Building a classifier#
In this section, we’ll dive into the world of classification. Our goal? To create a classification model that can distinguish the origins of our coffees using their spectral signatures.
Partial Least Squares Discriminant Analysis (PLS-DA) is a simple statistical technique used for classification. PLS-DA models the relationship between input variables (spectral data) and class labels (coffee origins), allowing it to classify new samples based on their spectral signatures with high accuracy. It’s a powerful tool for pattern recognition in complex datasets, making it ideal for our coffee origin classification.
Before we start our PLS-DA algorithm, we need to encode the labels into numbers. We can do that using the LabelEncoder()
method from scikit-learn
.
LabelEncoder()
will assign a categorical value to each of the labels in our dataset (0 for Brasil, 1 for Ethiopia an 2 for Vietnam).
[ ]:
from sklearn.preprocessing import LabelEncoder
# Make Label Encoder
level_encoder = LabelEncoder()
# Fit the Label Encoder
level_encoder.fit(labels.values.ravel())
# Transform the labels
labels_encoded = level_encoder.transform(labels.values.ravel())
Now that our coffee origin labels have been encoded into numerical values, we are ready to train our PLS-DA model. However, before we start, we will divide our data into a training and a testing sets using the train_test_split()
method from the scikit-learn
library.
Our strategy is to allocate 80% of our dataset for training our model, allowing it to learn from disticnt features from spectral data, while reserving the remaining 20% for testing.

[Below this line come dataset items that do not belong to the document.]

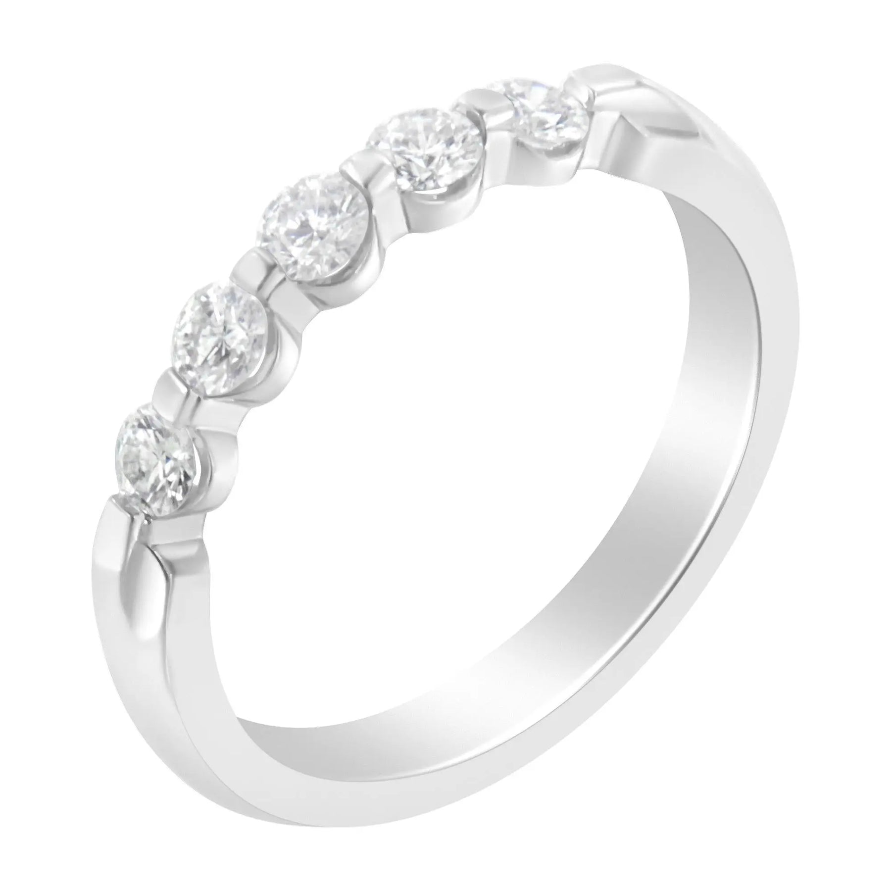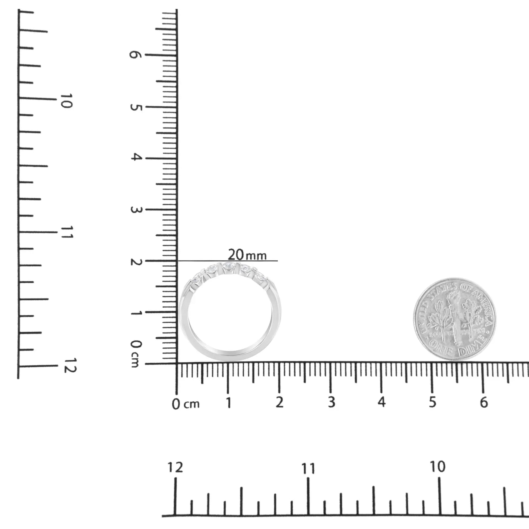 Make a bold and beguiling style statement with this phenomenal diamond ring. Fashioned in cool 10kt white gold, this stunning fashion ring is lined with the beautiful ribbon of round cut diamonds. Framed in the channel setting, the polished shine of these highlighting diamonds gives this ring a spellbinding look.
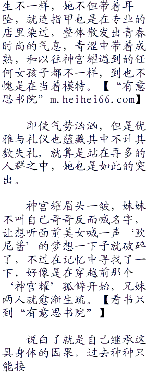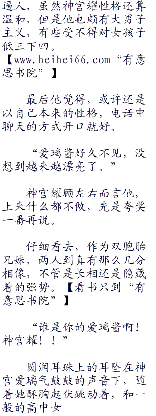 声音清脆悦耳,带着淡淡的嘲讽和隐藏在其中的驕傲,神宫爱璃樱唇微张,眼角上移,一头染成棕色的秀发在初夏的微风中洒荡。
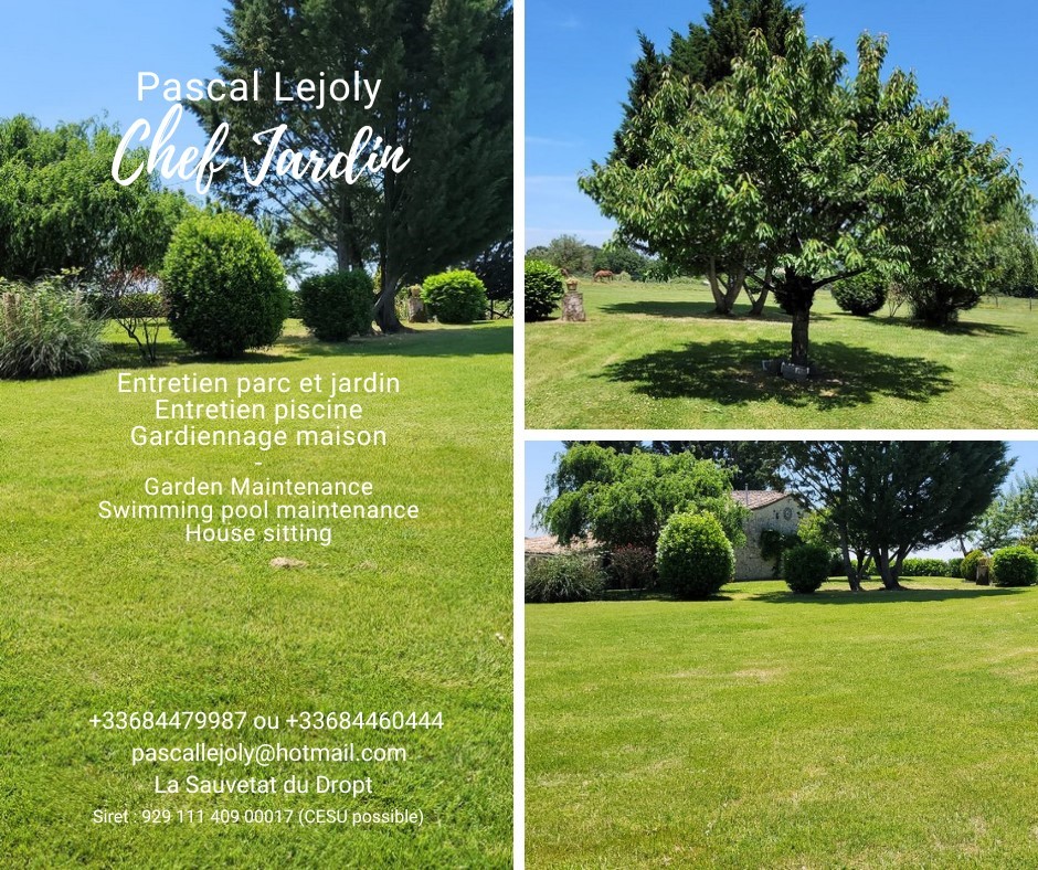Let me introduce myself, Pascal Lejoly, resident of La Sauvetat-du-Dropt, self-employed entrepreneur who offers you his services such as garden maintenance, house exterior maintenance and swimming pool maintenance. Guarding your house is also possible.
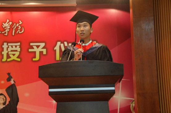首先,刘怡军书记上台发言,他希望同学们在今后的人生旅程上一定要常怀感恩、坚守梦想、勇于担当,并且勉励毕业生同学传承和弘扬爱国精神,担负时代重任,成为一名不平凡的年轻人。接着,优秀教师代表张亚婉上台发言,她表达了所有母校老师对毕业生的叮嘱和希冀,并且鼓励所有学子在今后的工作中,能够带着期待与希望去探索、去奋斗,写下自己的无悔人生。紧接着,优秀毕业生代表林继学同学上台发言,林同学感谢母校四年栽培,并承诺来日一定更加勤奋学习,立志成为母校的骄傲。最后,由柏育红院长宣读授予学士学位证的决定,随即,柏育红院长和刘怡军书记分别向17届毕业生们颁发学士学位证书。
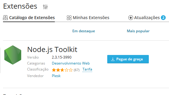 Antes de hospedar aplicativos Node.js, é necessário instalar a extensão gratuita Node.js Toolkit. Siga os passos abaixo:
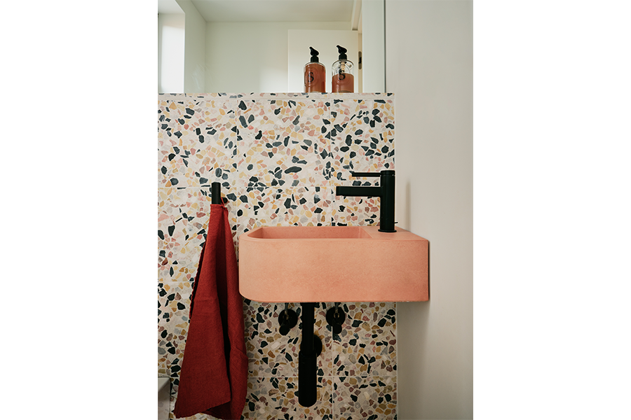 Perhaps the most emblematic design choice lies in the selection of Concrete Collaborative’s terrazzo tiles. By opting for a bold pattern expressed through a timeless material, the clients achieved a rare balance: introducing visual interest without compromising the home’s disciplined sense of tranquility. That interplay of expression and restraint carries through the entire project—from the preserved brick fireplace to the meticulously planned storage that allows the clients’ everyday objects to coexist without overwhelming the space.
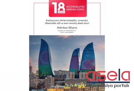 Birinci vitse-prezident Mehriban Əliyeva Müstəqilliyin Bərpası Günü ilə bağlı paylaşım edib
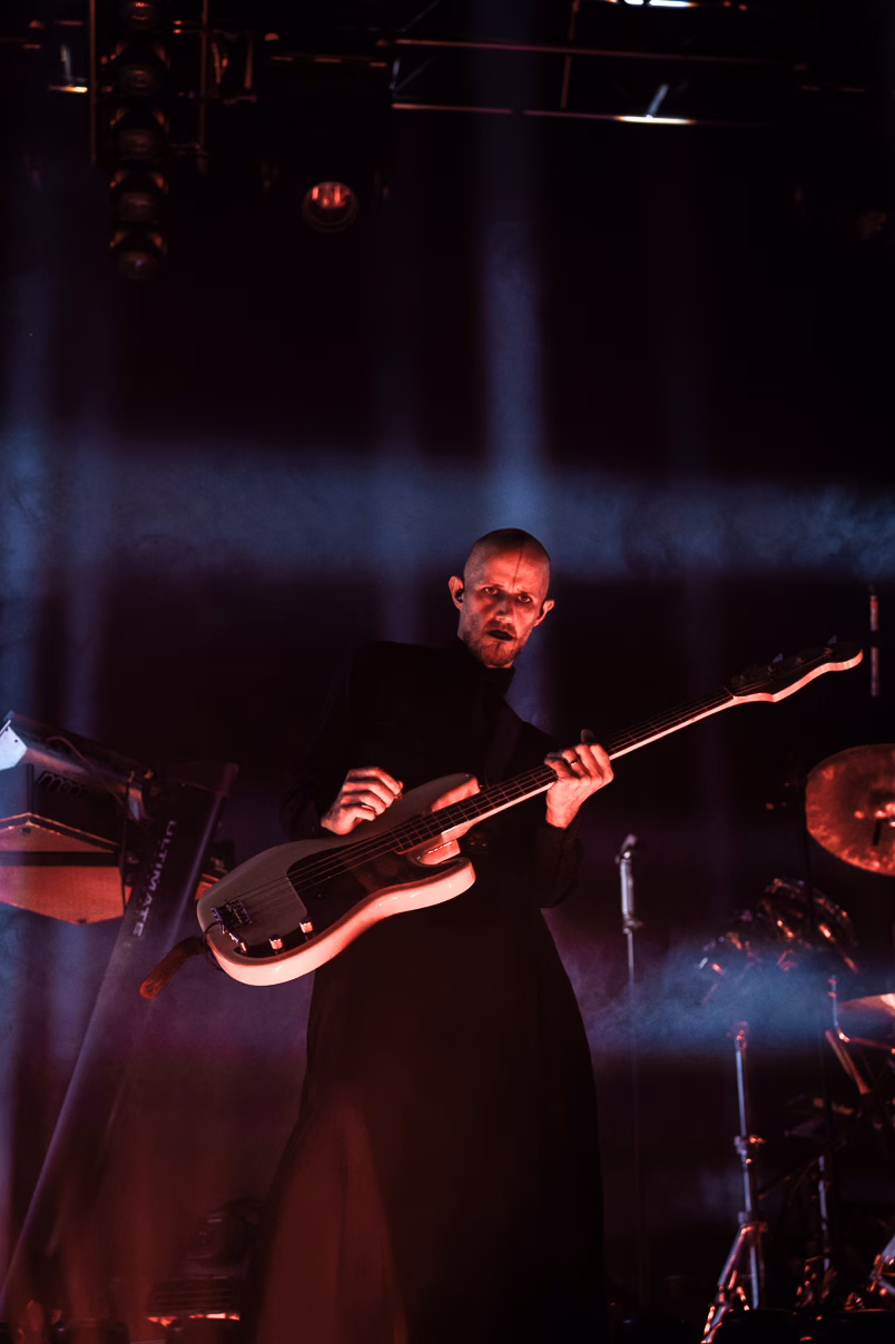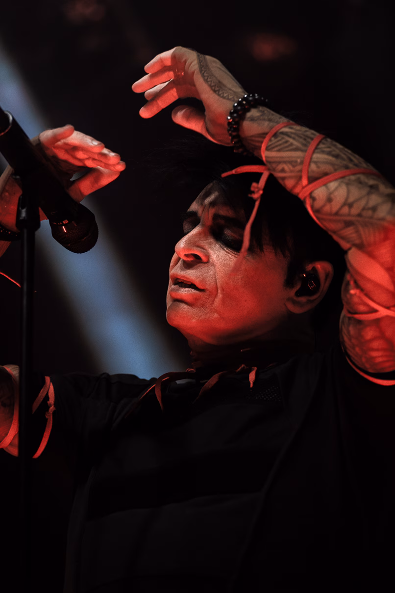 Eventually the time has come to celebrate the 45th anniversary of Telekon, Gary Numan’s sophomore solo album that debuted at number one of the UK charts back in September 1980. Gary Numan and his band emerged onto the Apollo stage, transformed for the night into three platforms. Each step had rows of lights that would perfectly control the mood, and often form a dystopian grid framing the musicians between the beams. Numan took to the microphone in his trademark black outfit with arms bound with red ribbons, and with endless charisma began weaving through the Telekon tracks, just as relevant today as they were forty five years ago, proven by the frequent chants “NUUUUUMAAAAAN” from various pockets of the five thousand strong audience.
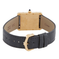 18kt yellow gold case with a grey (alligator) leather strap. Fixed 18kt yellow gold bezel. Silver dial with blued-steel sword-shaped hands and Roman numeral hour markers. Minute markers around an inner ring. Dial Type: Analog. Quartz movement. Scratch resistant sapphire crystal. Pull / push crown set with a blue cabochon. Rectangle case shape. Case dimensions: 33.7 mm x 25.5 mm. Case thickness: 6.3 mm. Tang clasp. Water resistant at 30 meters / 100 feet. Functions: hour, minute. Tank Series. Casual watch style. Watch label: Swiss Made. Cartier Tank Quartz Silver Dial Men's Watch WGTA0067. CASE Case Size: 33 Case Thickness: 6.3 mm Case Material: 18kt Yellow Gold Case Shape: Rectangle BAND Band Material: (Alligator) Leather Band Type: Strap Band Color: Grey Clasp: Tang DIAL Dial Color: Silver Type: Analog Crystal: Scratch Resistant Sapphire Hands: Blued-steel Sword-shaped Dial Markers: Roman Numeral Second Markers: Minute Markers around an inner ring Bezel: Fixed Bezel Color: Yellow Gold-tone Bezel Material: 18kt Yellow Gold Crown: Pull / Push set with a Blue Cabochon INFORMATION Brand: Cartier Series: Tank Collection Name: Tank Gender: Mens Model: WGTA0067 Watch Label: Swiss Made Movement: Quartz FEATURES Water Resistance: 30 meters / 100 feet Functions: Hour, Minute Watch Features: Leather, Gold, Analog, Alligator Leather ADDITIONAL INFO Watch Style: Casual Warranty: 2 Year Jomashop Warranty Jomashop Sku: CRTWGTA0067 Department: Watches Category: Watches
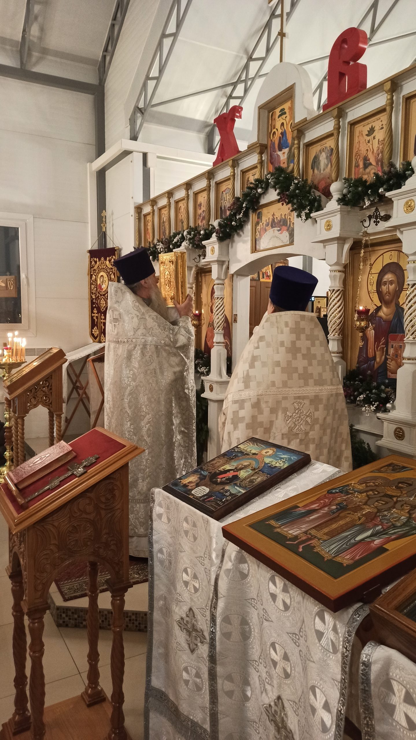 7 января 2025 года, в Седмицу 29-ю по Пятидесятнице, когда Церковь празднует Рождество Господа Бога и Спаса нашего Иисуса Христа, исполняющий обязанности настоятеля храма святых равноапостольных князя Владимира и княгини Ольги в Черёмушках протоиерей Владимир Быстрый и клирик храма иерей Димитрий Гончаренко совершили часы и Божественную Литургию.
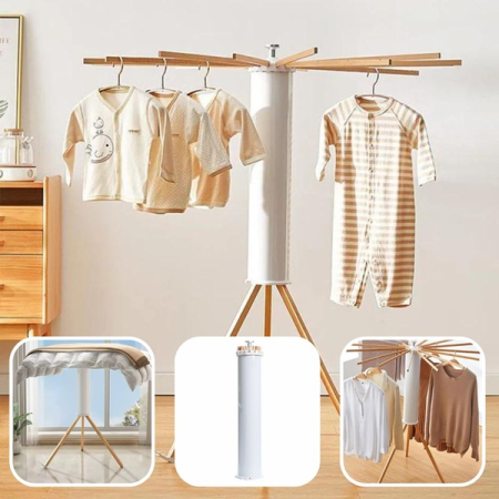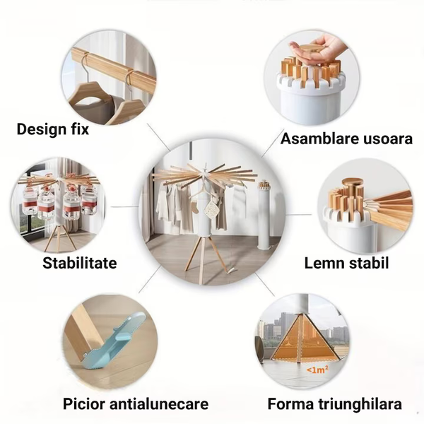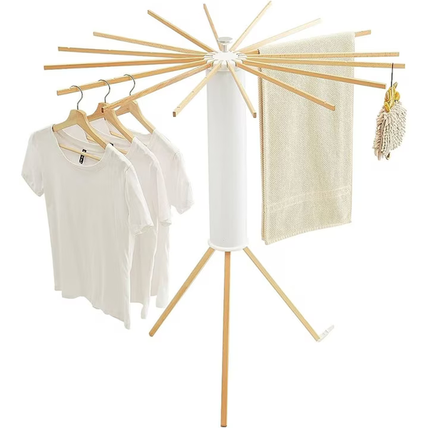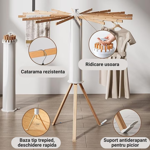 Uscător din lemn rezistent, pliabil și ușor de depozitat. Dotat cu 12 bețe, se rotește 360° și oferă organizare rapidă și eficientă. Perfect pentru uscare, depozitare sau aranjarea garderobei: compact, versatil și gata de utilizare.

This division ensures that our model’s performance can be evaluated on unseen data, a crucial step in assessing its real-world applicability and predictive power.
[ ]:
from sklearn.model_selection import train_test_split
X_train, X_test, y_train, y_test = train_test_split(
preprocessed_spectra, labels_encoded, test_size=0.2, random_state=42
)
💡NOTE: We set the
random_state
argument to 42 to ensure reproducibility of the results.
Now that we have our training and testing sets, we can start building our PLS-DA model. We will use the PLSRegression()
method from scikit-learn
. We will set the number of components to 2 and the scale
argument to False
. This is because we have already scaled the data in the preprocessing step.
[ ]:
from sklearn.cross_decomposition import PLSRegression
# Make a PLSRegression object
pls = PLSRegression(n_components=2, scale=False)
# Fit the PLSRegression object to the training data
pls.fit(X_train, y_train)
# Predict the labels for the test data
y_pred = pls.predict(X_test)
💡NOTE: We have chosen two components because from our PCA analysis we saw that using two components we can separate the three classes.
Now that we have trained our model, we can evaluate its performance. We will use the accuracy score and the confusion matrix methods from scikit-learn
to evaluate the performance of the model.
[ ]:
from sklearn.metrics import accuracy_score, confusion_matrix
print("Accuracy: ", accuracy_score(y_test, y_pred.round()))
print("Confusion matrix: \n", confusion_matrix(y_test, y_pred.round()))
Accuracy: 1.0
Confusion matrix:
[[2 0 0]
[0 4 0]
[0 0 6]]
Recap#
The Coffee Dataset: Explore the unique world of coffee differentiation through Infrared Spectroscopy. This dataset contains IR spectra of coffee samples from Ethiopia, Brazil, and Vietnam.
Importing the Data: Effortlessly load the coffee spectra into a Pandas DataFrame using chemotools, making data analysis a breeze.
Explore, Plot, and Color: Gain insights into the dataset’s size and composition, showcasing its 60 samples and 1841 features. Visualize the data with colorful coffee spectra plots.
Preprocessing the Spectra: Dive into the world of preprocessing, where chemotools comes into play. Eliminate non-chemical systematic variations using techniques like Standard Normal Variate (SNV), Derivative, Range Cut, and Standardization.
Modelling the Data: Enter the realm of machine learning with Partial Least Squares Discriminant Analysis (PLS-DA), a powerful tool for classification. Encode labels into numerical values and split the data into training and testing sets. Train the model and evaluate its performance, achieving an impressive confusion matrix.
This tutorial showcases the beauty of data science and chemistry, bringing the art of coffee classification to life within the rich world of spectral data.